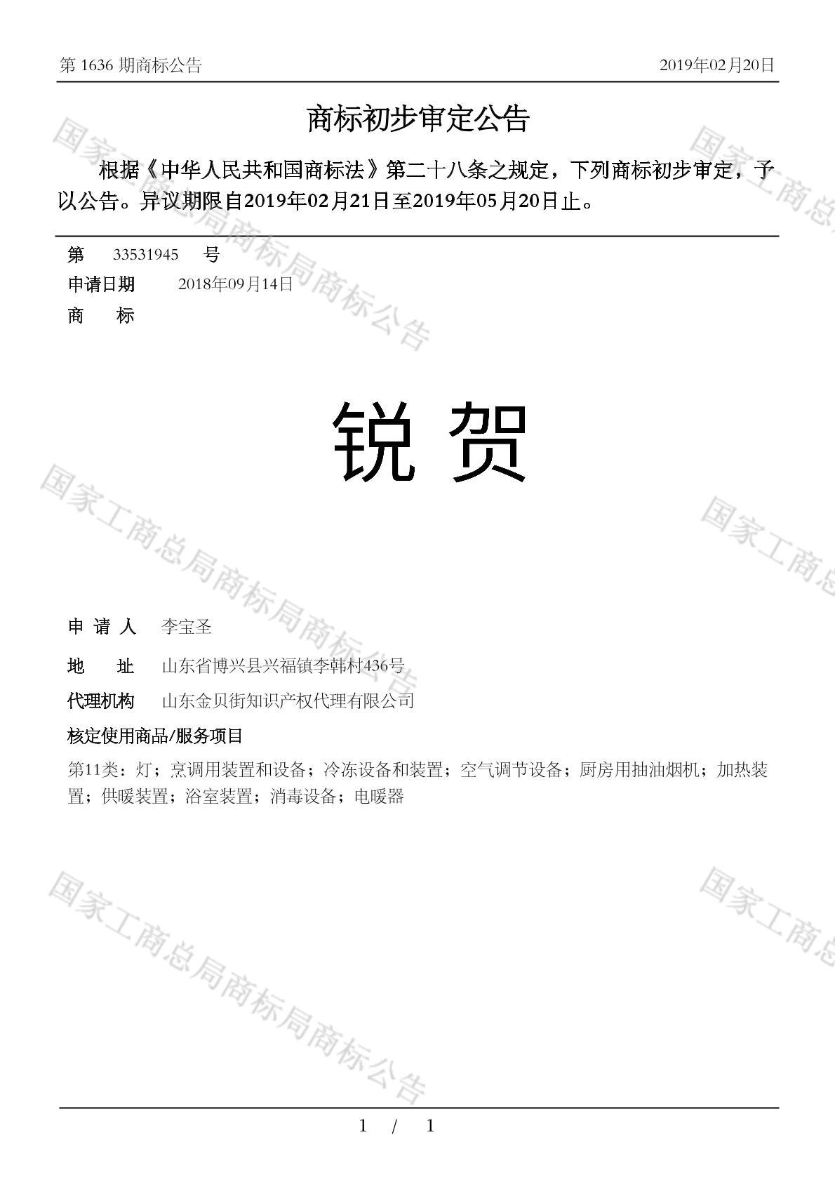 有效期限:2029-05-20 组合类型:中文注册号:33531945
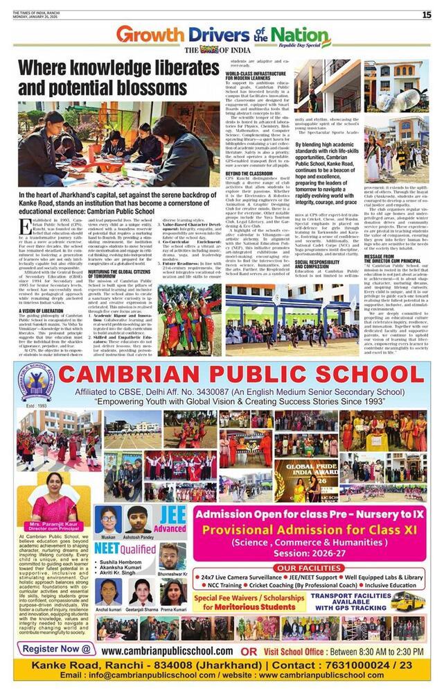 An Inter-House Patriotic Group Song Competition was organised with great enthusiasm at Cambrian Public School, Kanke Road, Ranchi, to instil patriotism and unity among students. The event began with the lighting of the lamp by the Director cum Principal, Mrs. Paramjit Kaur.
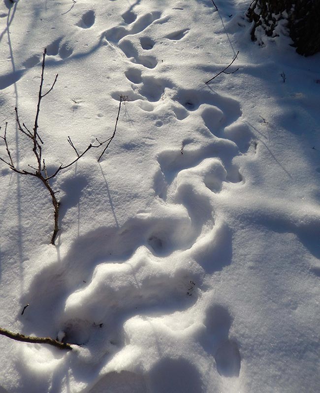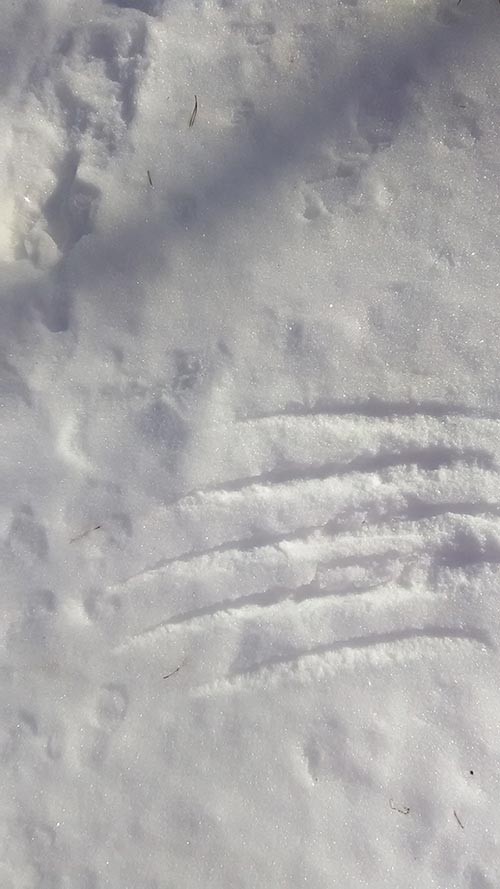Your photos this month hewed to landscape and ice scenes, reflecting the stillness and extreme cold that began the year. Flooding and freezing along the Androscoggin created an icy high water line, and there were strange marks in the snow: runes written, perhaps, by a nosy deer. Meanwhile, peregrines lurked by a bridge for unwary pigeons and a coyote made dinner plans by the compost pile.
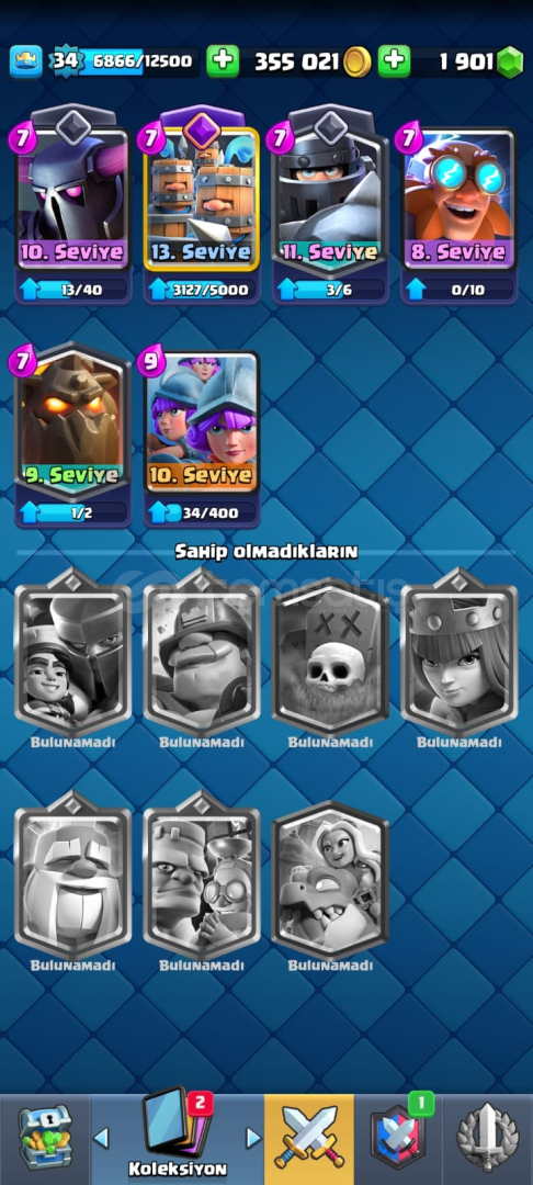 6741Kupa 114Kart 4Evrim 19İfade 3Kule
※
Transcribe only the lines from the line holding "Your photos this" to the final line of the listing above. Keep them exact, include both ends, and skip the pictures.

[Answer box]:
Your photos this month hewed to landscape and ice scenes, reflecting the stillness and extreme cold that began the year. Flooding and freezing along the Androscoggin created an icy high water line, and there were strange marks in the snow: runes written, perhaps, by a nosy deer. Meanwhile, peregrines lurked by a bridge for unwary pigeons and a coyote made dinner plans by the compost pile.
 6741Kupa 114Kart 4Evrim 19İfade 3Kule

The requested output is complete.